Stored entries:
◆ ◆ ◆

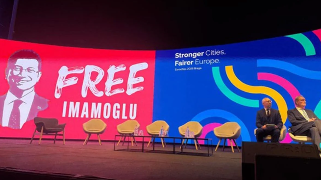 Portekiz’de düzenlenen Eurocities 2025 zirvesinde, sahnede “Free İmamoğlu” görseli kullanıldı.
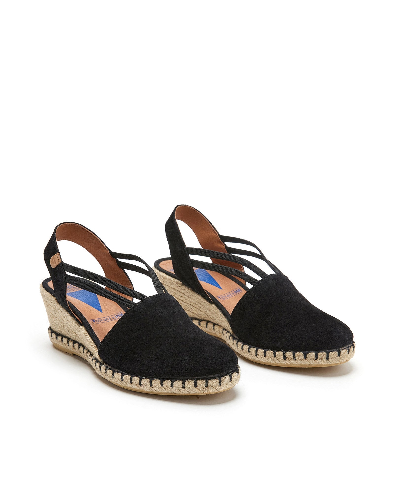 Espadrilles with wedge Maika Serraje in black. Made with suede material, leather lining and sole and jute and rubber sole. Wedge height 5.5 cm. Made in Spain. With an exclusive design that fuses tradition with modernity, this model adapts to both the city and themodel adapts to both the city and the coast, making it the perfect shoe for any occasion.any occasion. Its jute stitching and wedge connect with the roots of the sea and the land, while its natural material honours the legacy of the craftsmen.
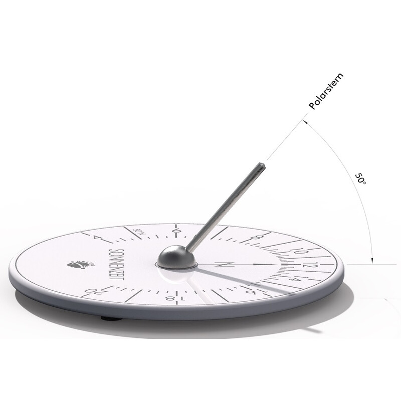 Diese Sonnenuhr wird für einen Breitengrad Ihrer Wahl individuell hergestellt. Bitte teilen Sie uns daher bei der Bestellung mit, welchen Breitengrad Sie wünschen.
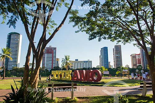 Placard that says: The Amo - Potycabana Park with the buildings in the background - Teresina city - Piaui state (PI) - Brazil
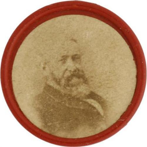 <B>Benjamin Harrison Campaign Stud.</B></I> Harrison's portrait sits in a red celluloid stud. The photo is in good condition with no visible markings or blemishes. It measures 17mm across and is a nice example of a colored stud in a world of brass and metal. <BR><BR><b>Shipping:</b> Miscellaneous Collectibles, Smal (<a target="_blank" href="http://www.heritageauctions.com/common/shipping.php">view shipping information</a>)
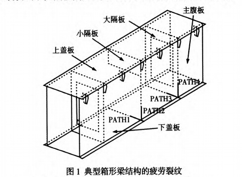 通過對(duì)在役橋門式起重機(jī)的實(shí)際檢測(cè)和疲勞試箱形梁結(jié)構(gòu)的高發(fā)性疲勞裂紋,主要發(fā)生在下蓋板與主腹板間的縱向受拉翼緣焊縫和大隔板與主腹板連接焊縫下端的焊趾處,其疲勞裂紋萌生源和擴(kuò)展機(jī)理,如表1所示。]
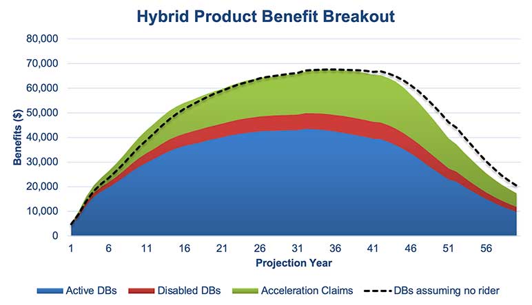 Figure 2 below shows death benefits (DBs) and LTC acceleration benefits from our illustrative IFP hybrid model consisting of a distribution of approximately 350 policies with issue ages varying from 25 to 75, and approximately US$1.2M of annualized premium.
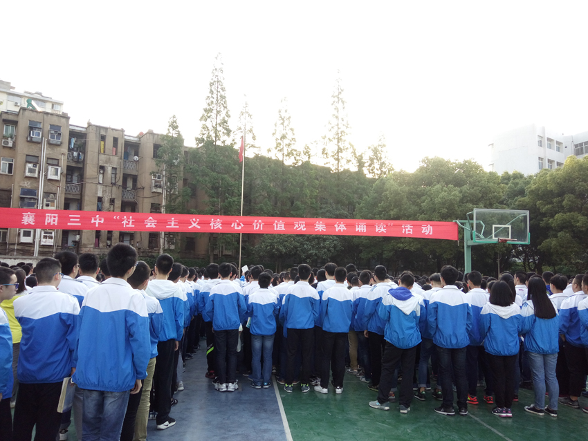 5月9日清晨,襄陽三中開展了“社會主義核心價值觀”集體誦讀活動。本次活動由高二年級副主任喬磊主持,活動目的是通過集體誦讀的形式提高學生對社會主義核心價值觀的重視和認識,也是我校創(chuàng)建全國文明城市、爭創(chuàng)市級文明學校的活動之一。在喬磊老師領讀之下,同學們高聲誦讀“社會主義核心價值觀”和志愿者服務的精神。誦讀結(jié)束后,學生代表發(fā)表講話。教導處副主任梁智杰為本月以來表現(xiàn)優(yōu)異的學生頒發(fā)獎品。
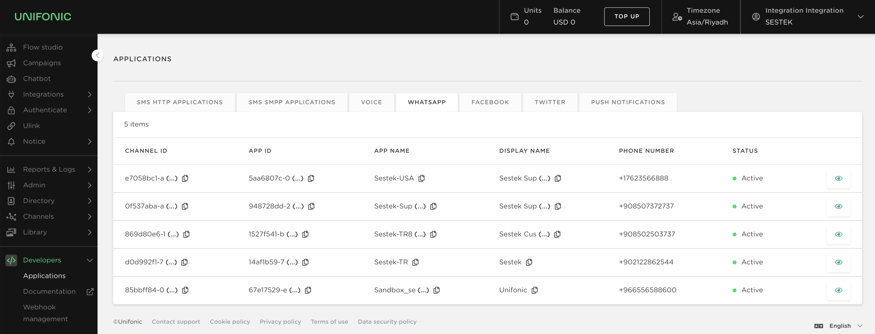 Portal Adresi : https://cloud.unifonic.com/
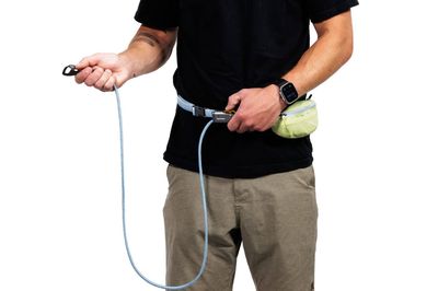 A climbing-inspired adjustable-length leash and hitching system for ultimate connection versatility on the fly – from the crag to coffee shops and the paths in between.
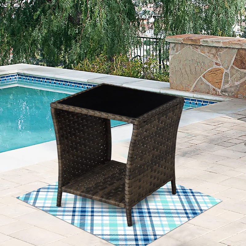 Elesuli Wicker Side Coffee Table Outdoor Side Tables with Storage Bistro Table Patio Furniture Square End Tables Garden Table Brown
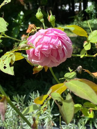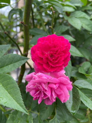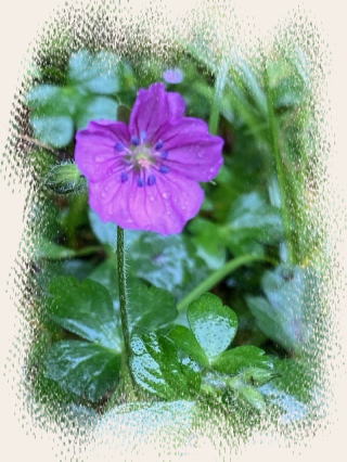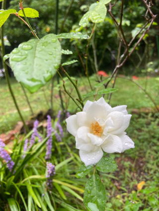 昨日のピンクの十二単の薔薇は今朝は弾けて潔く散っていた。あっと言う間の展開にびっくりする。2つ残っていたまだ小さかった蕾が開いて赤く膨らみ中くらいに丸まっていた。これも明日には開いてさっと散る運命かな。ふと足下をみると雨に濡れた紫に近いピンクの小さな花が雑草の中から浮き出ていた。野草には違いないが、観るモノが居なくてもちゃんと立派に咲いている。
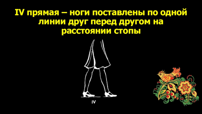 IV прямая – ноги поставлены по одной линии друг перед другом на  расстоянии стопы
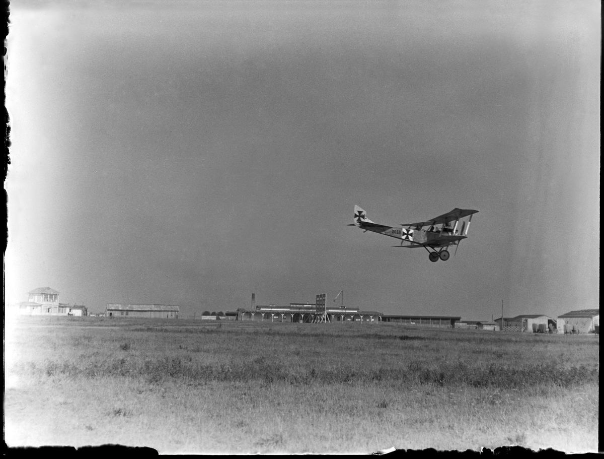 Militärt flygplan Hansa Brandenburg C.I märkt 26.69 tillhörande Österrike-Ungern på låg höjd över flygfält. Byggnader i bakgrunden.
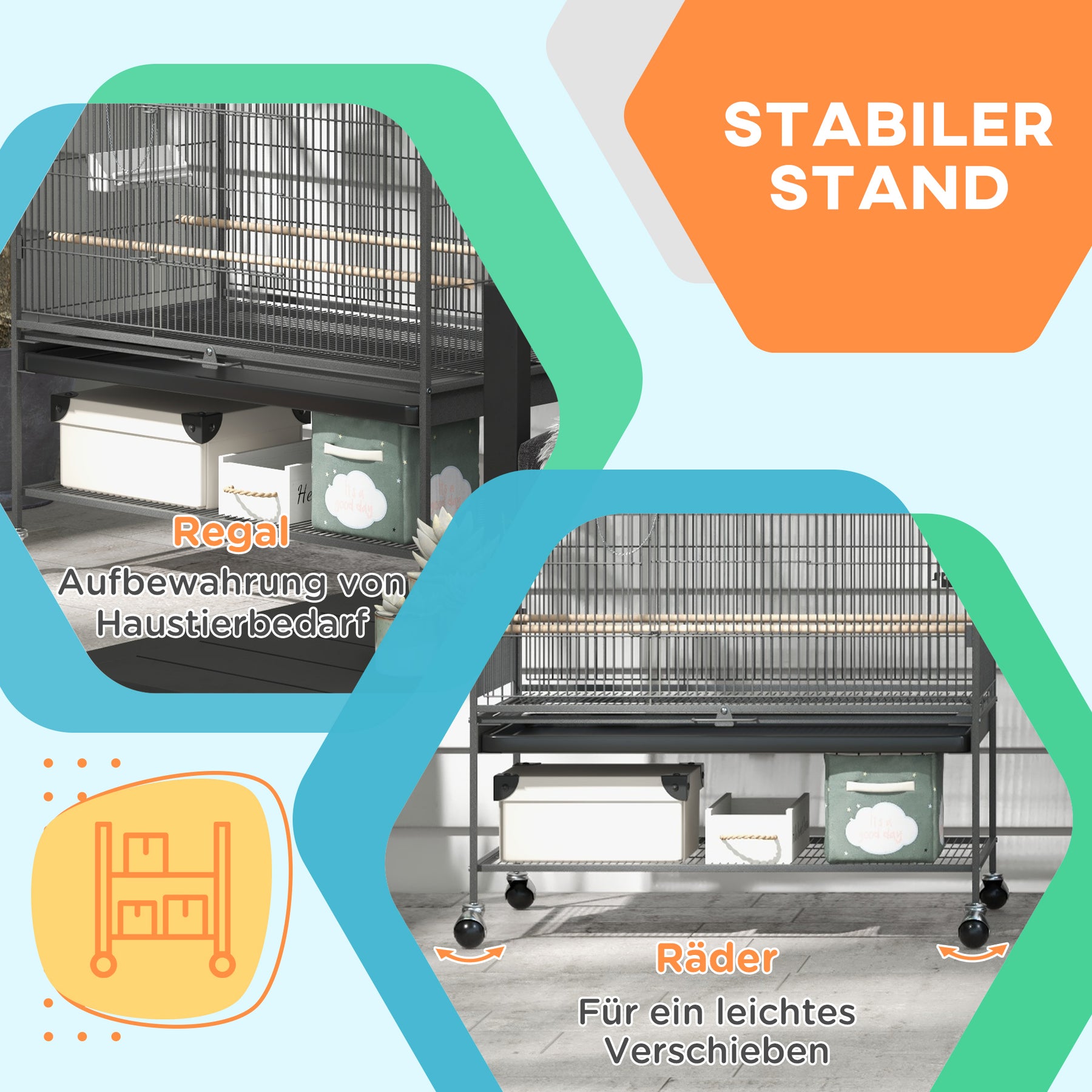 Rengøringen er hurtig takket være den aftagelige bundbakke, og buret er udstyret med hjul for nem flytning, hvoraf to har låsebremser for ekstra sikkerhed.
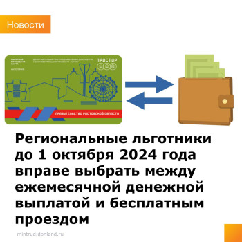 Региональные льготники до 1 октября 2024 года вправе выбрать между ежемесячной денежной выплатой и бесплатным проездом

◆ ◆ ◆

• What the task asks
With images omitted, retype the data word for word.

• Finished exercise
 Portekiz’de düzenlenen Eurocities 2025 zirvesinde, sahnede “Free İmamoğlu” görseli kullanıldı.
 Espadrilles with wedge Maika Serraje in black. Made with suede material, leather lining and sole and jute and rubber sole. Wedge height 5.5 cm. Made in Spain. With an exclusive design that fuses tradition with modernity, this model adapts to both the city and themodel adapts to both the city and the coast, making it the perfect shoe for any occasion.any occasion. Its jute stitching and wedge connect with the roots of the sea and the land, while its natural material honours the legacy of the craftsmen.
 Diese Sonnenuhr wird für einen Breitengrad Ihrer Wahl individuell hergestellt. Bitte teilen Sie uns daher bei der Bestellung mit, welchen Breitengrad Sie wünschen.
 Placard that says: The Amo - Potycabana Park with the buildings in the background - Teresina city - Piaui state (PI) - Brazil
 <B>Benjamin Harrison Campaign Stud.</B></I> Harrison's portrait sits in a red celluloid stud. The photo is in good condition with no visible markings or blemishes. It measures 17mm across and is a nice example of a colored stud in a world of brass and metal. <BR><BR><b>Shipping:</b> Miscellaneous Collectibles, Smal (<a target="_blank" href="http://www.heritageauctions.com/common/shipping.php">view shipping information</a>)
 通過對(duì)在役橋門式起重機(jī)的實(shí)際檢測(cè)和疲勞試箱形梁結(jié)構(gòu)的高發(fā)性疲勞裂紋,主要發(fā)生在下蓋板與主腹板間的縱向受拉翼緣焊縫和大隔板與主腹板連接焊縫下端的焊趾處,其疲勞裂紋萌生源和擴(kuò)展機(jī)理,如表1所示。]
 Figure 2 below shows death benefits (DBs) and LTC acceleration benefits from our illustrative IFP hybrid model consisting of a distribution of approximately 350 policies with issue ages varying from 25 to 75, and approximately US$1.2M of annualized premium.
 5月9日清晨,襄陽三中開展了“社會主義核心價值觀”集體誦讀活動。本次活動由高二年級副主任喬磊主持,活動目的是通過集體誦讀的形式提高學生對社會主義核心價值觀的重視和認識,也是我校創(chuàng)建全國文明城市、爭創(chuàng)市級文明學校的活動之一。在喬磊老師領讀之下,同學們高聲誦讀“社會主義核心價值觀”和志愿者服務的精神。誦讀結(jié)束后,學生代表發(fā)表講話。教導處副主任梁智杰為本月以來表現(xiàn)優(yōu)異的學生頒發(fā)獎品。
 Portal Adresi : https://cloud.unifonic.com/
 A climbing-inspired adjustable-length leash and hitching system for ultimate connection versatility on the fly – from the crag to coffee shops and the paths in between.
 Elesuli Wicker Side Coffee Table Outdoor Side Tables with Storage Bistro Table Patio Furniture Square End Tables Garden Table Brown
 昨日のピンクの十二単の薔薇は今朝は弾けて潔く散っていた。あっと言う間の展開にびっくりする。2つ残っていたまだ小さかった蕾が開いて赤く膨らみ中くらいに丸まっていた。これも明日には開いてさっと散る運命かな。ふと足下をみると雨に濡れた紫に近いピンクの小さな花が雑草の中から浮き出ていた。野草には違いないが、観るモノが居なくてもちゃんと立派に咲いている。
 IV прямая – ноги поставлены по одной линии друг перед другом на  расстоянии стопы
 Militärt flygplan Hansa Brandenburg C.I märkt 26.69 tillhörande Österrike-Ungern på låg höjd över flygfält. Byggnader i bakgrunden.
 Rengøringen er hurtig takket være den aftagelige bundbakke, og buret er udstyret med hjul for nem flytning, hvoraf to har låsebremser for ekstra sikkerhed.
 Региональные льготники до 1 октября 2024 года вправе выбрать между ежемесячной денежной выплатой и бесплатным проездом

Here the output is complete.